Some heavy body seemed hurled against the
table with an impetus that pushed it against
his breast so sharply as nearly to overthrow
him, and at the same instant he heard and
felt the fall of something upon the floor
with so violent a thump that the whole house
was shaken by the impact. A scuffling ensued,
and a confusion of sounds impossible to
describe. Murlock had risen to his feet.
Fear had by excess forfeited control of
his faculties. He flung his hands upon the
table. Nothing was there!
There is a point at which terror may turn
to madness; and madness incites to action.
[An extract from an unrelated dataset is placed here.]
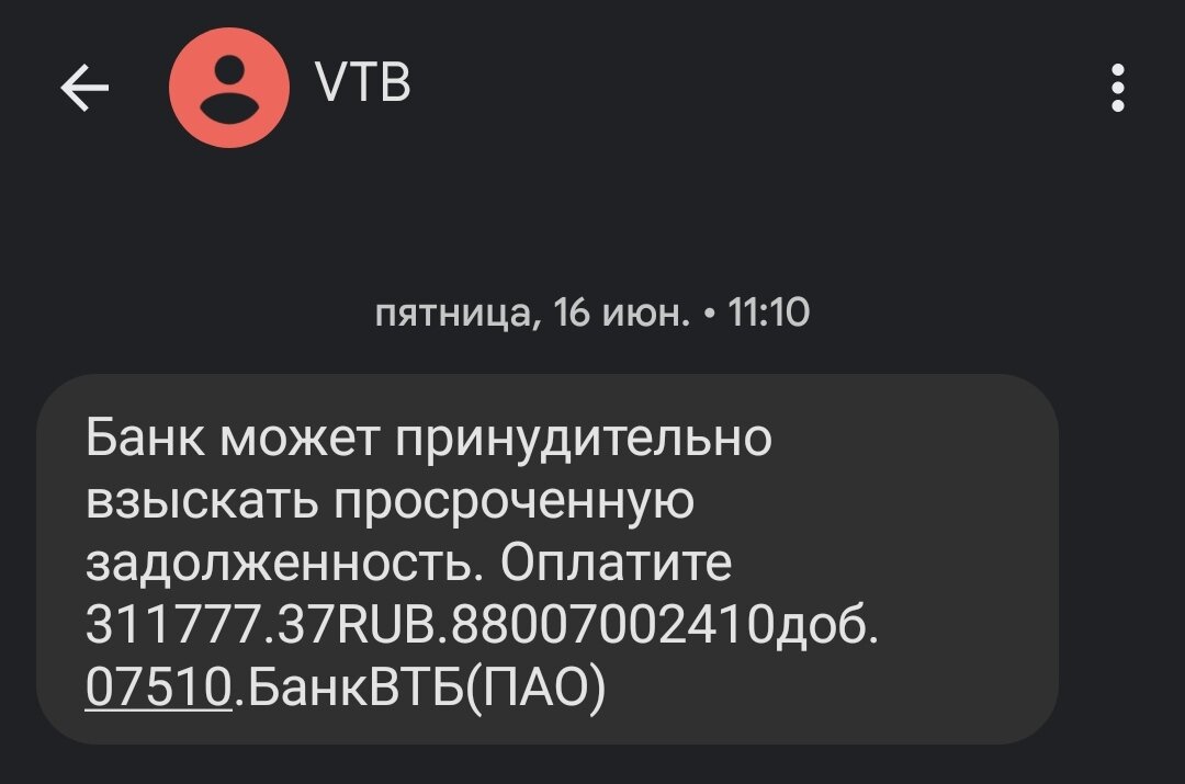Первый банк, не получивший регулярный платеж, был как раз ВТБ. Это была кредитка на 200 тысяч. С наступлением проблем кредитки я отмел сразу. Несмотря на величину банка, за это время долг вырос чуть больше, чем в 1,5 раза - до 311 тысяч рублей. Как в каком то МФО...

With no definite intent, from no motive but
the wayward impulse of a madman, Murlock
sprang to the wall, with a little groping
seized his loaded rifle, and without aim
discharged it. By the flash which lit up
the room with a vivid illumination, he saw
an enormous panther dragging the dead woman
toward the window, its teeth fixed in her
throat! Then there were darkness blacker
than before, and silence; and when he
returned to consciousness the sun was high
and the wood vocal with songs of birds.
The body lay near the window, where the
beast had left it when frightened away by
the flash and report of the rifle. The
clothing was deranged, the long hair in
disorder, the limbs lay anyhow. From the
throat, dreadfully lacerated, had issued
a pool of blood not yet entirely coagulated.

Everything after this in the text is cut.